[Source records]
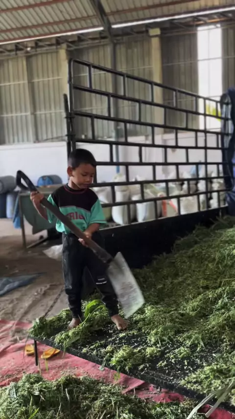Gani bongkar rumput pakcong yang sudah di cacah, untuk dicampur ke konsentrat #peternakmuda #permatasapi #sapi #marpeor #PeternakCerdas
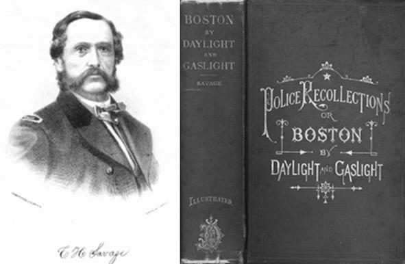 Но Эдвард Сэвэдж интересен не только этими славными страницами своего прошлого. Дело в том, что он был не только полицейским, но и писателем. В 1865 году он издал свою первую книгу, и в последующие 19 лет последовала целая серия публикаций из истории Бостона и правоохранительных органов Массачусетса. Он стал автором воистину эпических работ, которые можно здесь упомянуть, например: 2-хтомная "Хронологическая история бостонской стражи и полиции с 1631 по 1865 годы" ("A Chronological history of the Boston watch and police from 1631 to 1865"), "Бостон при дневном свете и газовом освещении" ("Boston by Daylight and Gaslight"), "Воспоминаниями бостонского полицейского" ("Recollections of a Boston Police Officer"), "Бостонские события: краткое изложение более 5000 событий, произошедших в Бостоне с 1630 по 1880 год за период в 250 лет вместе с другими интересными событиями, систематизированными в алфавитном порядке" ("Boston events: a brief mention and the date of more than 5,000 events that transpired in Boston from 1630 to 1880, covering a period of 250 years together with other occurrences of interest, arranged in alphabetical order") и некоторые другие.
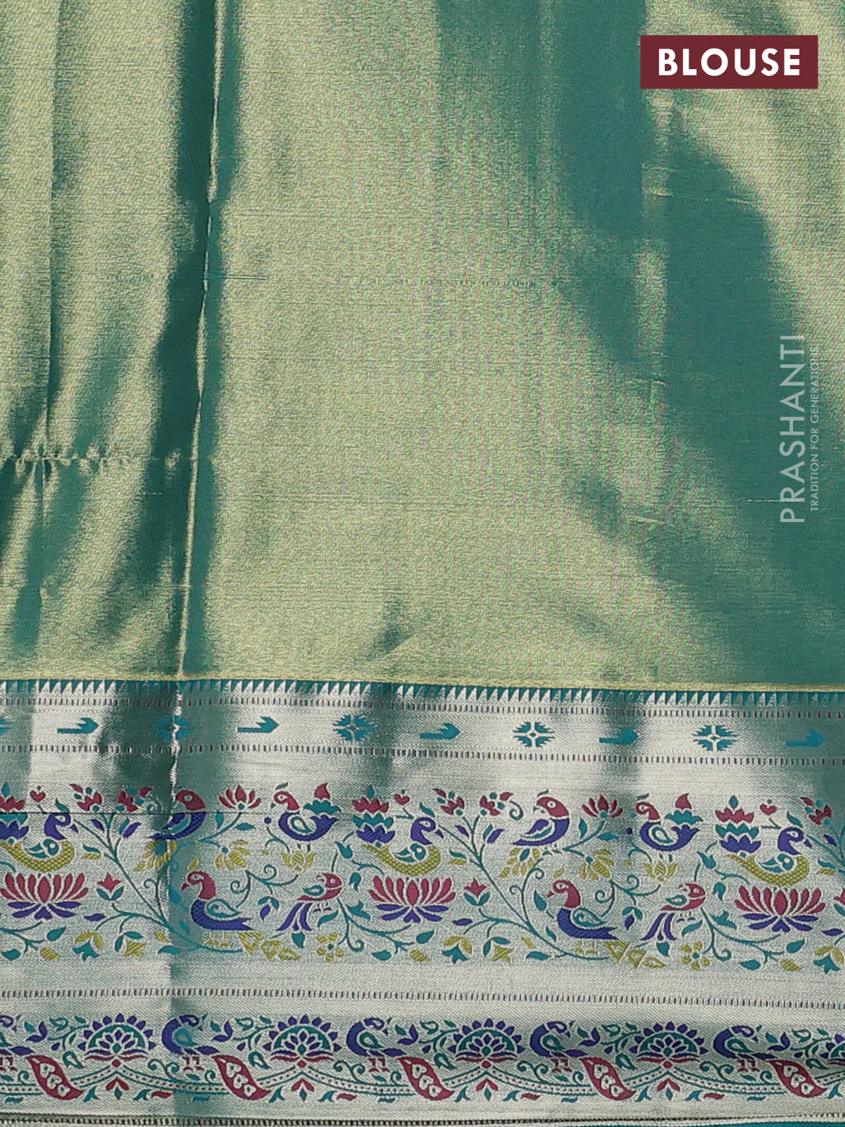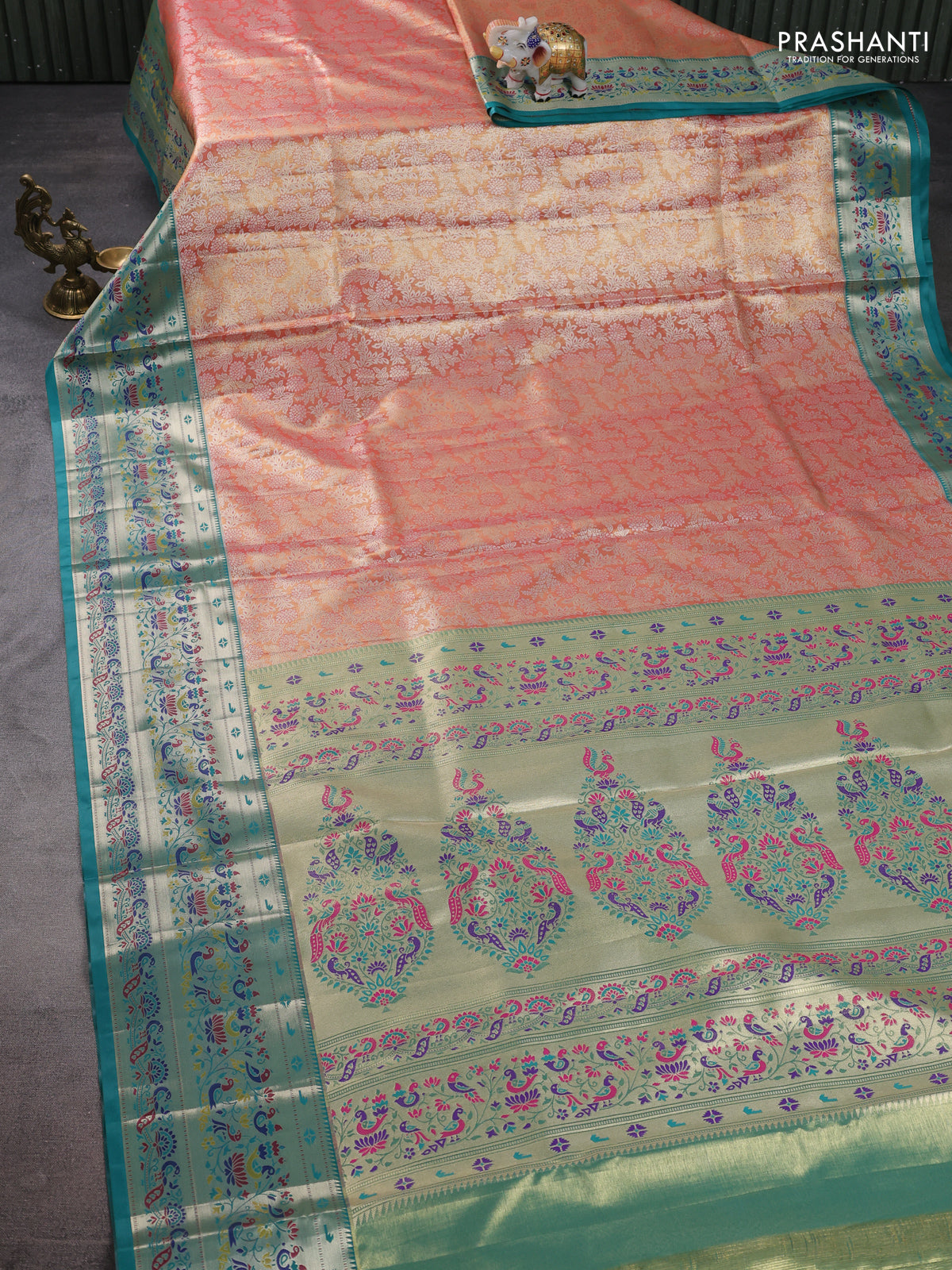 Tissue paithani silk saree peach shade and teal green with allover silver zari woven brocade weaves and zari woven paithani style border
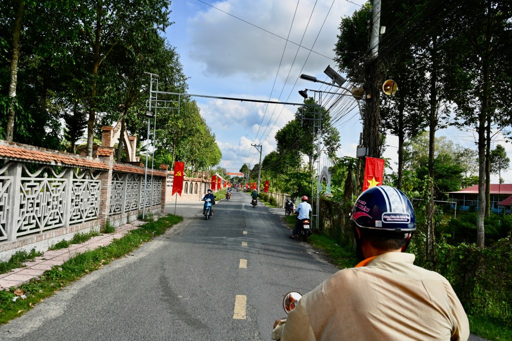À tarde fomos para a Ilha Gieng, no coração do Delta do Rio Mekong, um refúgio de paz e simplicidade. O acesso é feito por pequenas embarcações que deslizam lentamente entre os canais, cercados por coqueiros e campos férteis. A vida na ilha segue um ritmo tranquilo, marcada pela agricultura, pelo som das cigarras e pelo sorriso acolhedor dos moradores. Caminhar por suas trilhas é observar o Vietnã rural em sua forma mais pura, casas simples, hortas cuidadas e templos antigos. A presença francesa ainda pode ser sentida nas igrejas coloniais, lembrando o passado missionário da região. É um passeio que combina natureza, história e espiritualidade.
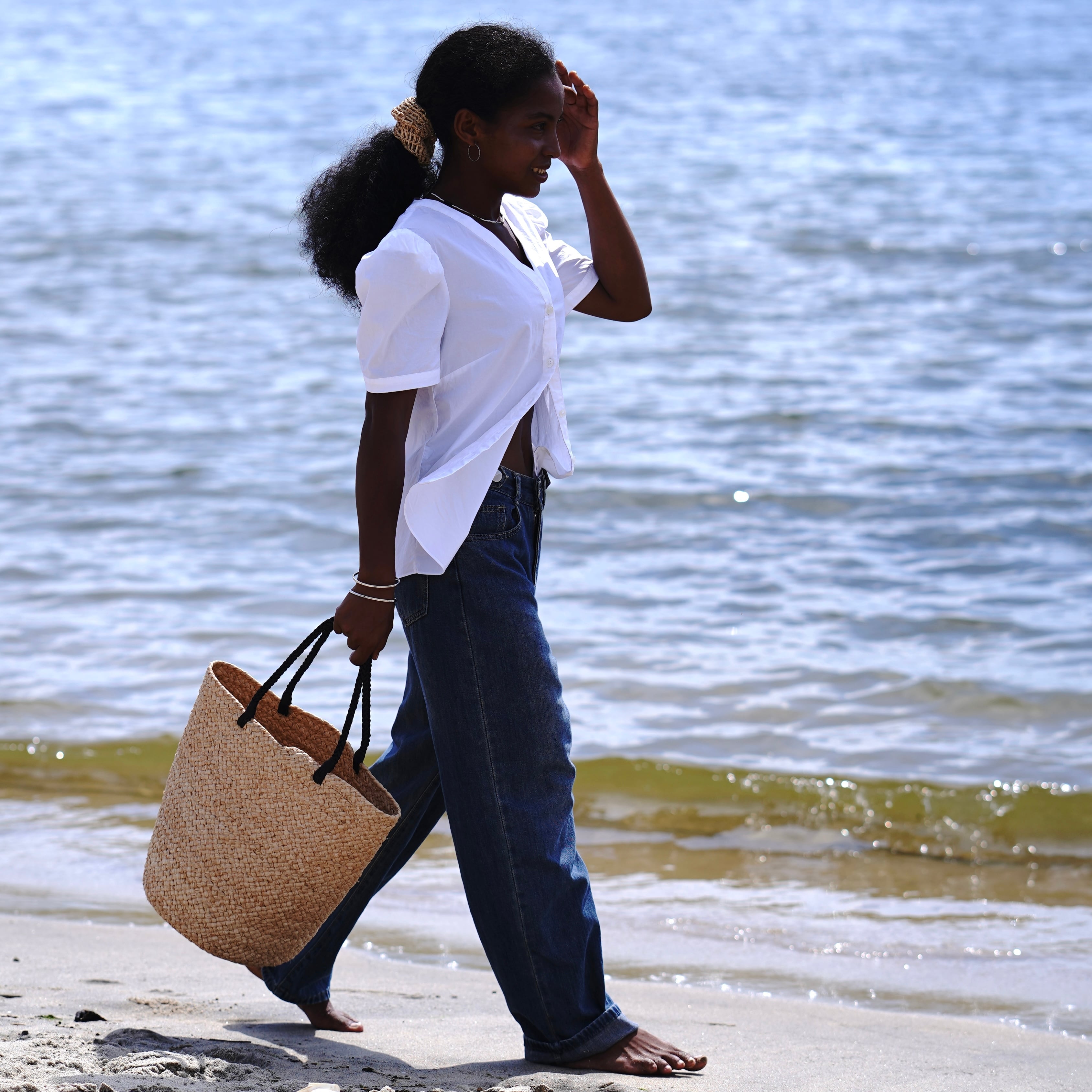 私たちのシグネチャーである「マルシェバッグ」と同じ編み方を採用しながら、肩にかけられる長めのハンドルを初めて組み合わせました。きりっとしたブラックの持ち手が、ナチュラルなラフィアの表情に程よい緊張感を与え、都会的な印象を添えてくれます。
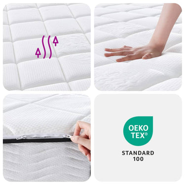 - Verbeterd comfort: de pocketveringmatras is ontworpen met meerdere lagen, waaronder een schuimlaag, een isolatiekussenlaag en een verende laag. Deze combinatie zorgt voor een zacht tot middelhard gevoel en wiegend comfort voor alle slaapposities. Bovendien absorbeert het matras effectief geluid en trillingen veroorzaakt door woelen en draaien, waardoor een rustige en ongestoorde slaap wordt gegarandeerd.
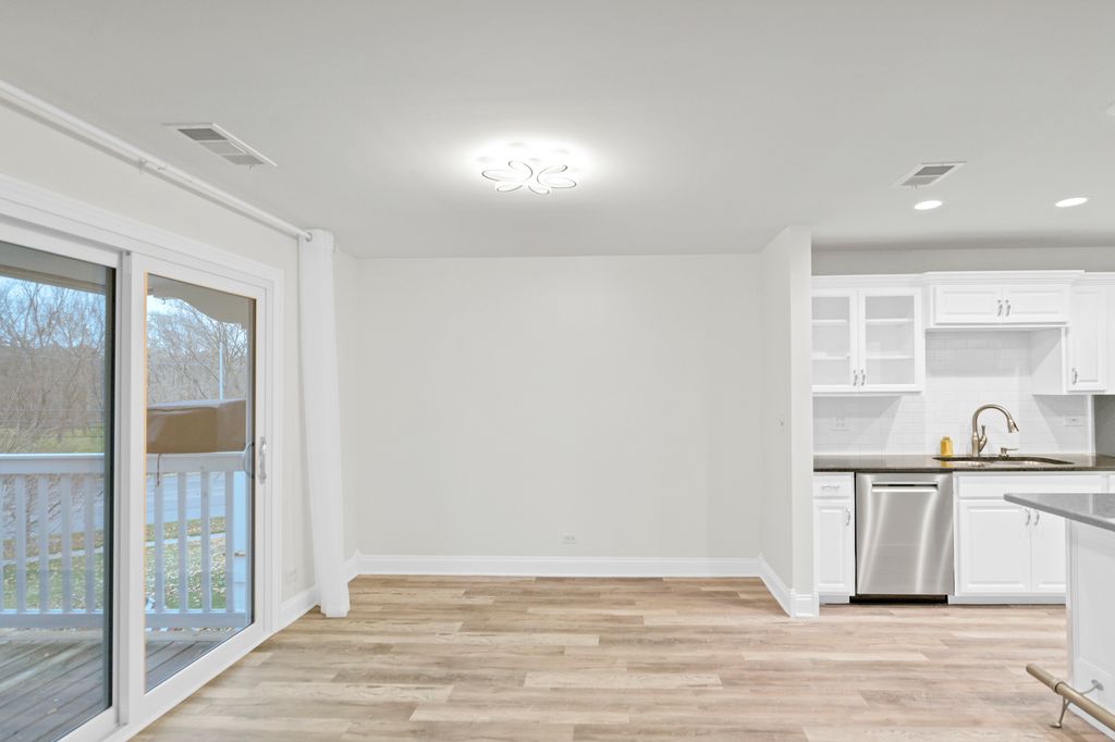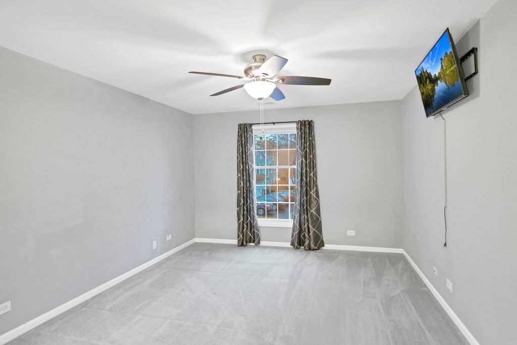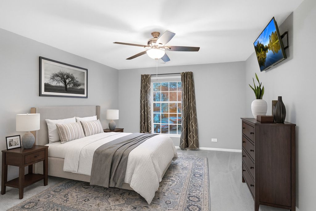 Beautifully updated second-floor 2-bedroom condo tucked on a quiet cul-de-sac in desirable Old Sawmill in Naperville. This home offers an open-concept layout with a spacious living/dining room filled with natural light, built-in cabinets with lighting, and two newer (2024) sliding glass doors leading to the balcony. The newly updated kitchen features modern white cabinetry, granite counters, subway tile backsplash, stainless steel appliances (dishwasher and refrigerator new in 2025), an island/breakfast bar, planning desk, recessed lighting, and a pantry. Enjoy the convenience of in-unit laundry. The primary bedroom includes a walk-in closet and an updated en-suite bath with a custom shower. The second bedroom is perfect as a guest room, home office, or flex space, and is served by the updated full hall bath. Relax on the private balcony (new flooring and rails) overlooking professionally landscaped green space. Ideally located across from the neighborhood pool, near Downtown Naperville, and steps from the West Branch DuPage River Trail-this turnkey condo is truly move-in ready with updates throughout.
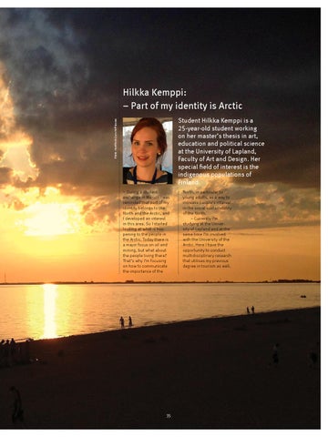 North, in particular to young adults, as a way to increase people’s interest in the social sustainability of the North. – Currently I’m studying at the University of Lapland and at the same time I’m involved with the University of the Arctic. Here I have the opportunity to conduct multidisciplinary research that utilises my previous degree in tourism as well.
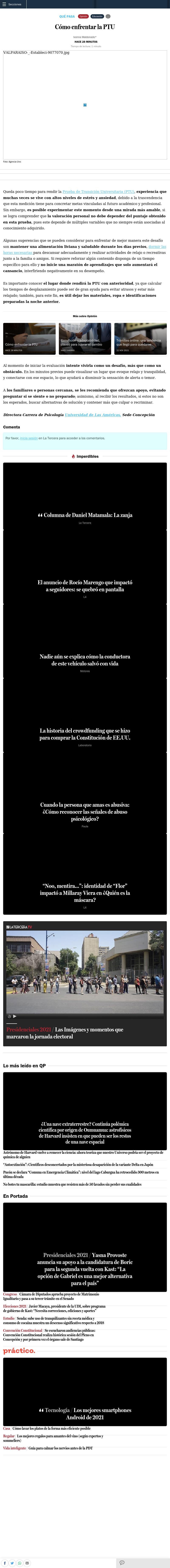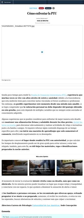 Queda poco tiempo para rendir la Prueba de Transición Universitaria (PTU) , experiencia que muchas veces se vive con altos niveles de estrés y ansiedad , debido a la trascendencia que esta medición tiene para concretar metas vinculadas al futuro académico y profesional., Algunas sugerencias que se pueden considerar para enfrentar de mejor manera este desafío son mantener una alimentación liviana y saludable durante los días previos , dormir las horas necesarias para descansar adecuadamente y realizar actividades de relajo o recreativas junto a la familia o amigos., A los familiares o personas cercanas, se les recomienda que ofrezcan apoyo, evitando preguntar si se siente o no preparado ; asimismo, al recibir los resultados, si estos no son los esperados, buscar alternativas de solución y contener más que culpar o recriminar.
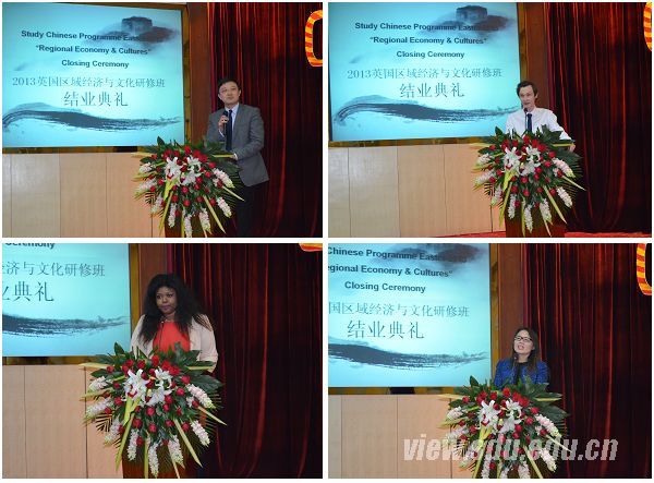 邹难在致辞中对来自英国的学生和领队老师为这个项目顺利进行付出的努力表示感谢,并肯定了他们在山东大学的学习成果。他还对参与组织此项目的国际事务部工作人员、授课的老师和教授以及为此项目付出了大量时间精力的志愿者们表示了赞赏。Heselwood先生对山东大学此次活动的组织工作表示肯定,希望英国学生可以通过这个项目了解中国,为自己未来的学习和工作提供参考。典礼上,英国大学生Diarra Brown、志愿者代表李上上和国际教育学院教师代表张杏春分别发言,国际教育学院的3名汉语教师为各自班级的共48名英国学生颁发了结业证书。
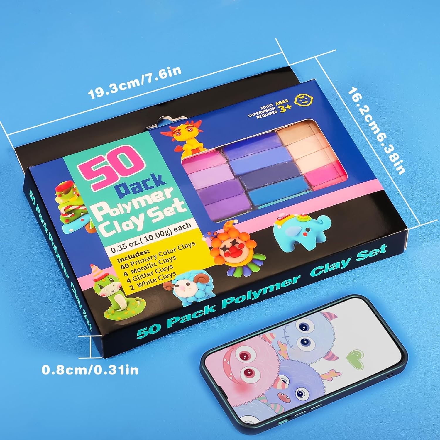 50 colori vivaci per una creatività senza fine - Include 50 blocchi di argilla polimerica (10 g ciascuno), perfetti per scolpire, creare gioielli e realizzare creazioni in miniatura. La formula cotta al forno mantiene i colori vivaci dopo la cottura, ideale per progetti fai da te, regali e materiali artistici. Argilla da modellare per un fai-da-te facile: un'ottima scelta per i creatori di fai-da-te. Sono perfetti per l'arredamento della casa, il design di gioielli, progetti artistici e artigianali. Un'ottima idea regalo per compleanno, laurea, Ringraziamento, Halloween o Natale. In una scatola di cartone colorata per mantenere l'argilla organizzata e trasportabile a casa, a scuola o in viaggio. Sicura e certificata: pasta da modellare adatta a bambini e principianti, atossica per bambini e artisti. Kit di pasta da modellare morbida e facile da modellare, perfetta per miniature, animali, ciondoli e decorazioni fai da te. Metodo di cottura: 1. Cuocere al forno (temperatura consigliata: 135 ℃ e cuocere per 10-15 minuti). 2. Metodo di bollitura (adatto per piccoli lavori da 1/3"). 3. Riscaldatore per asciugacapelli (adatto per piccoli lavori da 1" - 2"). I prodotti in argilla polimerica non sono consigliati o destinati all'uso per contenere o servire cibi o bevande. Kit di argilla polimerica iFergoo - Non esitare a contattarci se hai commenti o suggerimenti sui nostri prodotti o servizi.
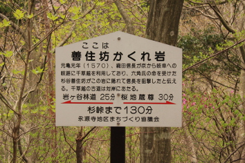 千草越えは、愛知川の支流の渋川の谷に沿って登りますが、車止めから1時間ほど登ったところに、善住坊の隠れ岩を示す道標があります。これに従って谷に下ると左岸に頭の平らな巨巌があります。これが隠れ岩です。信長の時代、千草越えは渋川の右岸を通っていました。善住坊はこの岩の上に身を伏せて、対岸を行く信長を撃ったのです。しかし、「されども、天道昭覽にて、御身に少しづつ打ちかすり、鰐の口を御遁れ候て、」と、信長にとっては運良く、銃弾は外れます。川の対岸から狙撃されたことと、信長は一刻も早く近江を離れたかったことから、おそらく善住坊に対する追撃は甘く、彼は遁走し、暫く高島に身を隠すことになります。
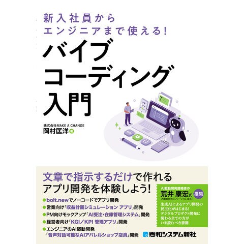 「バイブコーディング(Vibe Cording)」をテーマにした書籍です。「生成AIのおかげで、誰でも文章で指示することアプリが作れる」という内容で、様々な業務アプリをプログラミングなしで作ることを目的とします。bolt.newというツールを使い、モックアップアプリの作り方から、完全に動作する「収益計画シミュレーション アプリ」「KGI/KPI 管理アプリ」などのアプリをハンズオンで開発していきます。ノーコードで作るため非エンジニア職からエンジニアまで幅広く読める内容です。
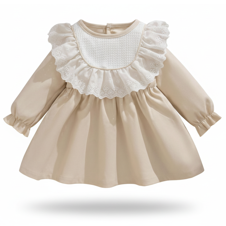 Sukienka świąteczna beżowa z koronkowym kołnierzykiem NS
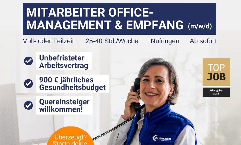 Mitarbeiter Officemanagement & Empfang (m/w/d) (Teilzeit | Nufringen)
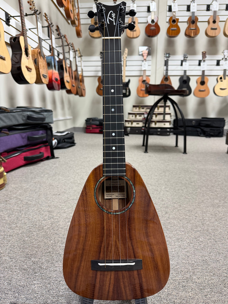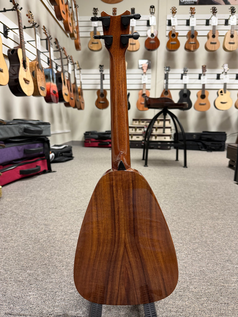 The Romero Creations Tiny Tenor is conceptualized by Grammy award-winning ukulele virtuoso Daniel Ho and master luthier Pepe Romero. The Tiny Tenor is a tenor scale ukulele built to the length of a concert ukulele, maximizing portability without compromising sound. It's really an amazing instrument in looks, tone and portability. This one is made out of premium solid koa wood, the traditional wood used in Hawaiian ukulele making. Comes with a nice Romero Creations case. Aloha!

▶ Exercise requirements
Please copy exactly the lines from the one containing "Sukienka świąteczna beżowa" through the last line of the records above, both included, and leave out any pictures.

▶ Response to the exercise
 Sukienka świąteczna beżowa z koronkowym kołnierzykiem NS
 Mitarbeiter Officemanagement & Empfang (m/w/d) (Teilzeit | Nufringen)
 The Romero Creations Tiny Tenor is conceptualized by Grammy award-winning ukulele virtuoso Daniel Ho and master luthier Pepe Romero. The Tiny Tenor is a tenor scale ukulele built to the length of a concert ukulele, maximizing portability without compromising sound. It's really an amazing instrument in looks, tone and portability. This one is made out of premium solid koa wood, the traditional wood used in Hawaiian ukulele making. Comes with a nice Romero Creations case. Aloha!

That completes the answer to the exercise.